Once you find the line with "Souprava geometrická velká" in the entries below, return exactly every line from it through the line with "Vacancies 2 Vacant".

• **Provided data**:
——

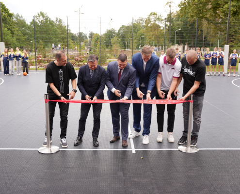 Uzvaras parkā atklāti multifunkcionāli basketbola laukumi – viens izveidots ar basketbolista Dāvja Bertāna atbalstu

——

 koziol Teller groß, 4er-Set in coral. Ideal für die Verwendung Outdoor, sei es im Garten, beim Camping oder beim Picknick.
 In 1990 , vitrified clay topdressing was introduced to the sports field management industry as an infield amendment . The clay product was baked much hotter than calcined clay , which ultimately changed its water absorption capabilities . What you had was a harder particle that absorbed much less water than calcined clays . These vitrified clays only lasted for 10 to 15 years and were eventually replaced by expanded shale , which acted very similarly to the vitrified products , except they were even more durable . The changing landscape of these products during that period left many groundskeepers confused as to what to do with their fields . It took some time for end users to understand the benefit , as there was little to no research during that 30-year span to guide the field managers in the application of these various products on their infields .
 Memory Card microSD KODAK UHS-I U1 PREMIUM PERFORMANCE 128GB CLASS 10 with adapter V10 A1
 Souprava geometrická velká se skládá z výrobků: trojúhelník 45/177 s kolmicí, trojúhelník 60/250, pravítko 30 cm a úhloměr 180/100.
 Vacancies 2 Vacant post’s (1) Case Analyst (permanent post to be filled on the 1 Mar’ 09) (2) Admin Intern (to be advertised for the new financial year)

——

• **Result**:
 Souprava geometrická velká se skládá z výrobků: trojúhelník 45/177 s kolmicí, trojúhelník 60/250, pravítko 30 cm a úhloměr 180/100.
 Vacancies 2 Vacant post’s (1) Case Analyst (permanent post to be filled on the 1 Mar’ 09) (2) Admin Intern (to be advertised for the new financial year)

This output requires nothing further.